Trusted Since 1901…Where is the trust today?

       There are many issues that Walgreens is currently dealing with, from both the pharmacy and retail parts of its business. The company reported, in their last quarter’s earnings,  a net income of $946 million, or $1.07 per share, down from $1.16 billion, or $1.24 per share last year. The pharmacy retailer had been on track to maintain its guidance for the full fiscal year, but now uncertainty has prompted the company to hold off on providing guidance until the next earnings report. This, to many investors, leaves their distinction of 44 years of continued dividend growth in jeopardy. 
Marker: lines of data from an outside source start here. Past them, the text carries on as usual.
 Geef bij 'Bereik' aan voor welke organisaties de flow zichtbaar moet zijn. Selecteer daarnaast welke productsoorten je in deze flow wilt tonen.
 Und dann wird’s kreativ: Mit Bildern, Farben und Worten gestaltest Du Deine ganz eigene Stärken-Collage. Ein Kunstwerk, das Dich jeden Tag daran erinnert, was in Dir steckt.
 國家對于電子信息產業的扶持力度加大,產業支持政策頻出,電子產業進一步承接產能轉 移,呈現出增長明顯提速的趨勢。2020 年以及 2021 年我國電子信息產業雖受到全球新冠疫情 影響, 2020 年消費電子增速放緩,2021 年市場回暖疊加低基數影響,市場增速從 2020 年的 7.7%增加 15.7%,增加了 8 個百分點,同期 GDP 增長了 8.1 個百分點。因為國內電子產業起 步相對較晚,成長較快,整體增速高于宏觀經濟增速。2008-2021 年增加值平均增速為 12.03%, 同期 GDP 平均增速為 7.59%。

       There were a number of reasons for this decline, with only some of them being COVID-19 related. When looking at the pharmacy (which is over 75% of its business), Walgreens is under pressure from both giant companies like Amazon, Walmart, and Costco, who can offer lower pricing on some medications and the convenience of fast home delivery. There are also a greater number of low-cost generic options available today. Insurers are also squeezing them, offering lower reimbursements on prescriptions filled. Finally, as COVID-19 appears to be not going away anytime soon, you should continue to see a reduction in visits to doctors’ offices, leading to reduced demand for non-chronic prescriptions dispensed at retail pharmacies. Also, during this pandemic, people who do go out shopping, can do their grocery shopping at Costco and Walmart and pick up their medications in one trip. Finally, Walgreens seems to be putting out a lot of strategic initiatives geared towards their retail operations, while closing 160 walk-in clinics in late November of last year.
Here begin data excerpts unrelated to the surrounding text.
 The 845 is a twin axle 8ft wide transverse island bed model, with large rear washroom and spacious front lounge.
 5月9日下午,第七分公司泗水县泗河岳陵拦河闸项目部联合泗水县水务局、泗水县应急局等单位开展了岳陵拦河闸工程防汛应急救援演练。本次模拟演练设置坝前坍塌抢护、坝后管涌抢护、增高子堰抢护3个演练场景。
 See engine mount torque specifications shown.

       When looking at the retail operations of Walgreens, there are a number of challenges they are facing, with only some of them brought on by COVID-19. First, there is continued pressure in its UK business, due to stiff competition from discount retailers and online retailers. Another cause for the declines is the emergence of e-commerce. With many products, including drugstore staples such as shampoo and vitamins,  available online in a couple clicks and fast delivery often offered for free, the convenience factor that has advantaged Walgreens for decades is no longer nearly as valuable. After a surge in demand earlier in March, the footfall has declined significantly both in and outside of the U.S  due to stay-in-place orders, which have just recently been eased up. After the Coronavirus hit, people bought their staple goods in bulk from large retailers like Amazon, Costco, Walmart, which led to less foot traffic. Also, more and more people shopped online when they were shut in their homes. With quick delivery speed, this was a safer option than to have to leave the house to buy them and risk getting infected. 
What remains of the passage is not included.